Byron Holland: Putting blinders on Big Brother’s surveillance apparatus

   Byron Holland, National Post | 13/08/28

The Internet has been around for two decades. But from a public-policy perspective, we’re just starting to figure it out. Fortunately, there are some online activities for which there is an established offline precedent. Most of us would agree that surveillance is one of those activities.

Governments — even generally transparent, democratic ones, such as our own — always have engaged in surveillance activities. But as a society, we long have recognized the need to place safeguards on surveillance activities. Wiretaps and other forms of “traditional surveillance” are subject to judicial oversight, requiring warrants. Outrage at RCMP activities in the 1970s, including unauthorized mail openings and wiretaps without warrants, resulted in the MacDonald Commission, and ultimately the creation of the Canadian Security Intelligence Service.

In fact, it was not so long ago that we found the issue of oppressive state scrutiny so repugnant that we were willing to go to war over it (albeit a cold one): The liberty-destroying surveillance regimes imposed by the Stasi, and by other communist agencies, epitomized the reason we stood up against the Soviets.

Fast forward a few decades, and we now have the U.S. National Security Agency’s PRISM program, which copies virtually every online message sent to and from the United States — all without transparent judicial oversight. Cell phone data, Facebook updates, Google searches, emails – pretty much all communications – are tracked and stored by the U.S. government.

And in case you thought you were safe because you’re Canadian, it turns out that your data is tracked and stored, too.

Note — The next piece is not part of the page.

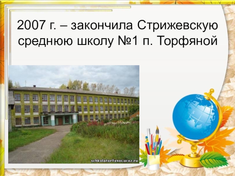 Слайд 22007 г. – закончила Стрижевскую среднюю школу №1 п. Торфяной

But, if the lack of vocal outrage on the part of Canadians is any indication, most of us are apparently fine with it. This is why my group, the Canadian Internet Registration Authority (CIRA), has decided to work with the polling firm Ipsos Reid to find out what Canadians think of online privacy and government surveillance.

We were surprised to find that about half of Canadians (49%) believe it is acceptable for the government to monitor email and other online activities of Canadians in some circumstances. When those circumstances include preventing “future terrorist attacks,” that number rises to 77%.

That means that more than three quarters of Canadians are fine with indiscriminate and ongoing government monitoring of Canada’s online activity without a warrant, as long as it is in the interest of national security.

Given past lessons about personal privacy, how can Canadians seem so apathetic? What is it about the Internet that changes our perceptions and values concerning civil liberties?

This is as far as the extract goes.